Reputation: 25
I'm trying to scrape some information about MLB players from the MLB website. However, using urllib2 and BeautifulSoup, I can't find the contents under the 'div'. But I can clearly see the contents on Chrome.
An example is that, going to page (http://mlb.mlb.com/team/player.jsp?player_id=150378). The Status info on the upper right side shows 'Released'. But I can't find this string/content using BS4.
Here's my code:
base_url = 'http://mlb.mlb.com/team/player.jsp?player_id=150378'
request = urllib2.Request(base_url)
response = urllib2.urlopen(request)
soup = BeautifulSoup(response)
player_status = soup.findAll('div',id='player_status')
print player_status
I was expecting it to have a string like 'Status: Released', but the result only shows
[<div id="player_status"></div>]
I have never encountered this problem before. Can someone help me with this?

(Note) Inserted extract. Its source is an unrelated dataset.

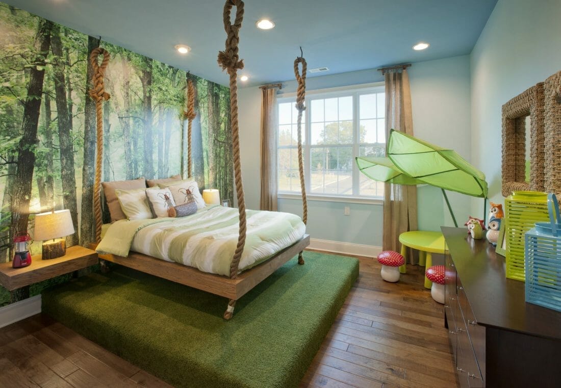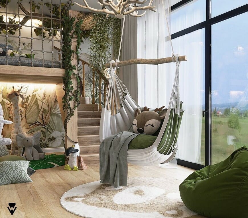 14. Forest Themed Bedroom with Hanging Bed

Thanks!!
Upvotes: 2
Views: 1084
Reputation: 473863
Player information on the page is coming from the response of an additional XHR request to the JSON API. You can simulate it, for example, using requests
:
>>> import requests
>>>
>>> url = "http://mlb.mlb.com/lookup/json/named.player_info.bam?sport_code=%27mlb%27&player_id=150378"
>>>
>>> response = requests.get(url)
>>> data = response.json()
>>> data['player_info']['queryResults']['row']['status']
Released
Upvotes: 1